The general problem of completing images and videos depending on a mask is called inpainting, and numerous methods exists to tackle this problem in ingenuous ways.

However most approaches are relatively costly to run, especially without a graphic card, so I wanted to see what result we could get with simple and fast methods.

You can find the code for the steps below in this repository.

Watermark removal on one frame

To start, we need to find the mask, which correspond to the location of pixels to remove.

Using ffmpeg we can extract the timestamps of the key frames in the video. Getting only the timing is fast, and we can later cap to a maximum the number of frames to actually extract. We could also take random frames, but the key frames are more likely to be diverse (can’t be too close in time), and faster to extract as other frames need to be reconstructed from the closest key.
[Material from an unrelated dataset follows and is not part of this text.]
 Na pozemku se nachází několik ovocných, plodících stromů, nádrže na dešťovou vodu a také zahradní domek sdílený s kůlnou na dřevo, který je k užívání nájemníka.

With ffmpeg, we just need to run:

ffprobe -select_streams v -skip_frame nokey -show_frames -show_entries frame=pkt_pts_time video.mp4

Then for each TIMESTAMP obtained, we can extract the frame:

ffmpeg -ss TIMESTAMP -i video.mp4 -vframes 1 frame.png

And lastly we can aggregate the results of a simple image filter over all frames, to create a mask:

# Compute the gradients per image
dx = np.gradient(images, axis=1).mean(axis=3)
dy = np.gradient(images, axis=2).mean(axis=3)

# Average globally
mean_dx = np.abs(np.mean(dx, axis=0))
mean_dy = np.abs(np.mean(dy, axis=0))

# Filter on both axis at a hand picked threshold
threshold = 10
salient = ((mean_dx > threshold) | (mean_dy > threshold)).astype(float)
salient = normalize(gaussian_filter(salient, sigma=3))
mask = ((salient > 0.2) * 255).astype(np.uint8)
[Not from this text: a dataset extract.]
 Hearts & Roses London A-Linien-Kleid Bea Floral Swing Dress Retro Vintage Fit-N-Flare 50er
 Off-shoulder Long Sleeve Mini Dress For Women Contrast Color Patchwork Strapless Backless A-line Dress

Bonus, if one wants to do it without python, it should be doable using ImageMagick’s convert with the existing Sobel filter and -evaluate-sequence mean *.png mean.png.
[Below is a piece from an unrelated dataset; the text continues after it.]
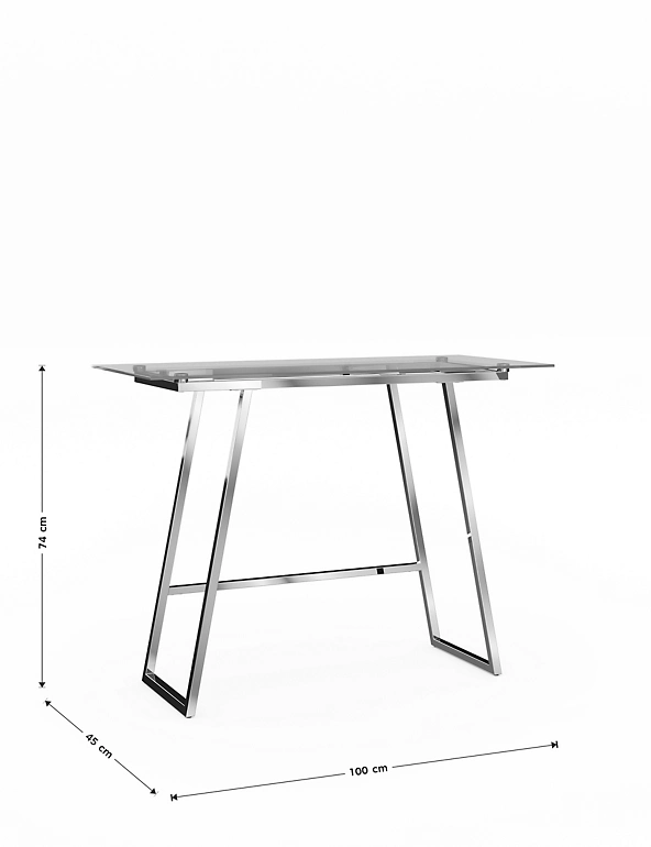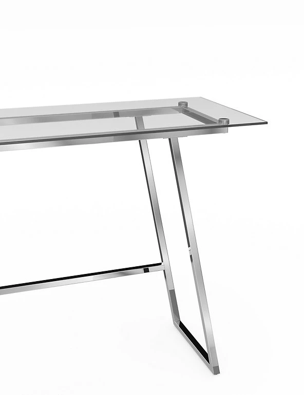 - Sleek and minimalist polished chrome and glass desk. Co-ordinates with the rest of the Milan range

We now have a global mask to inpaint, so we can simply use ffmpeg’s removelogo filter to obtain our cleaned-up video:

ffmpeg -i video.mp4 -vf "removelogo=mask.png" cleaned.mp4

This run at around x3 real-time on my aging MacBook Pro (i5-5287U), with a fixed overhead of ~5s for the mask extraction, which is fast! ✨

Clearly the resulting inpainting is not of high quality –we’re not even leveraging temporal information across frames– but is reasonable enough as a baseline to compare against real-time approaches.